Building a mobile AI test agent called Tappy

The Goal

With the influx of AI and AI-powered testing products, I noticed that mobile was still largely untouched — getting an AI to test your app as if it were a real user wasn’t really a thing yet. It felt like an area worth exploring.

My vision was to build an AI agent that, when triggered via Slack or CI/CD, would spin up and test a mobile application like a real user would. You give it a goal — “Login”, “Find a bug” — and it goes off to achieve it. Along the way, it creates a report of any issues (minor, major, or critical) and reports back. If a major crash or error occurs, it stops and fails the test.

Day 1

Goal: Get a POC up as quickly as possible

Leaning on Claude, I was able to get a working POC up within the first couple of hours. My current setup:

idb — built by Meta to control your simulator on Mac
iOS Simulator on Mac
Python
Claude as the agent brain

The Flow

User triggers the command: python3 main.py --goal "test the login flow"
The simulator launches, takes a screenshot (saved to /outputs), and captures the accessibility tree via idb.
The screenshot and accessibility tree are sent with a system prompt to Claude, which returns an action like:

{
  "action": "scroll_down",
  "target": "Log out",
  "observation": "Back on the Profile screen. The Log out button is partially visible at the very bottom, cut off by the tab bar and the center search FAB button.
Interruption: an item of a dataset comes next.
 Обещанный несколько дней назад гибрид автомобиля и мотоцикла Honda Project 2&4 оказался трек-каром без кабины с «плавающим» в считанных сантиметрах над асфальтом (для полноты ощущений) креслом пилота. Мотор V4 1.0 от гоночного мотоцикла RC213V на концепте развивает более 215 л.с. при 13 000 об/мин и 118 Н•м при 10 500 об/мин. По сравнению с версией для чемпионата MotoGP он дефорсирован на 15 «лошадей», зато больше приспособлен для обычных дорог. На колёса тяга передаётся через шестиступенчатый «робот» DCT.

The text 'Log out' is barely visible at y=760, overlapping with the tab bar at y=789. I need to scroll down further to reveal the full Log out button above the tab bar.",
  "issue": null
}

Note: To avoid paying for the Claude API during prototyping, I’m currently copy and pasting the outputs manually. This will eventually be fully automated.

Day 2

Goal: The output

Today I focused on the output of Tappy and how we might actually make use of it. There’s no point running these tests if they don’t help move us forward. The way I’ve envisioned it is that Tappy runs the tests and produces a set of results, outputted as a markdown file for our QA AI reviewer (Scrappy). The output includes:

Session report — collects the goal, steps taken, completion status, issues (with screenshots), screens visited, and duration.
History entry — every step taken, including actions, targets, observations, and any issues flagged.

Connecting the dots

With all the pieces created and working, I shifted focus to wiring everything together. I wanted to find a cheap and fast solution, so I explored local models:

qwen2.5vl:7b (5 GB) — too small; the Ollama runner crashed on vision requests.
qwen2.5vl:32b (21 GB) — hung on step 1. Only 59/65 layers fit on the GPU, and GPU offload made vision inference too slow.
qwen2.5vl:72b (21 GB) — way too large for my machine.
llama3.2-vision (7.8 GB) — results weren’t good enough and essentially made the whole POC pointless.
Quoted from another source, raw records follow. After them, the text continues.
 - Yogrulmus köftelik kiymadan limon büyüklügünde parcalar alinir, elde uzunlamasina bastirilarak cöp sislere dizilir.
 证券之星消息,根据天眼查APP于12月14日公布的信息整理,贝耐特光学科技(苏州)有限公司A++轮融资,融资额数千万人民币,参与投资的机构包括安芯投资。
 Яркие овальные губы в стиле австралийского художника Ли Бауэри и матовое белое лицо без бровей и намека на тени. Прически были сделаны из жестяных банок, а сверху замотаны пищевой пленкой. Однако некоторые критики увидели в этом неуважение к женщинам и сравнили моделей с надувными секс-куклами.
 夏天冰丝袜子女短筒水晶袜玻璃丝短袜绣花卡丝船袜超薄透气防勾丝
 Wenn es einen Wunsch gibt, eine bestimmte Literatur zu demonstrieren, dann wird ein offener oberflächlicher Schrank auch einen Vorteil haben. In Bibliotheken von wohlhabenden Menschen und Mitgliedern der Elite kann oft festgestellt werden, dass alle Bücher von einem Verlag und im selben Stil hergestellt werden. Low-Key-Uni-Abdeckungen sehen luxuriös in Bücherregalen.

I ended up shifting to Google Gemini since we already have an API key for it. After a few runs it produced good results along with a solid summary and some suggestions. However, there are still some gaps — like not scrolling to find a button.

Towards the end of the day everything was working well and the AI agent would spin up and provide us with helpful suggestions, catch necessary bugs and give us a good overview of how the test went.

Day 3

Goal: Scripts

Today my focus was creating the scripts to build the app and run the tests. I wanted to ensure that we can build this in any pipeline so its easy to move to another mac or within a github action for example.

Was able to build the script which:

Installed the necessary deps
Run pod install
Build app using xcode build
Run the QA agent test

Along with this I also built a slack integration which would send the reviewer markdown file to a specific slack channel.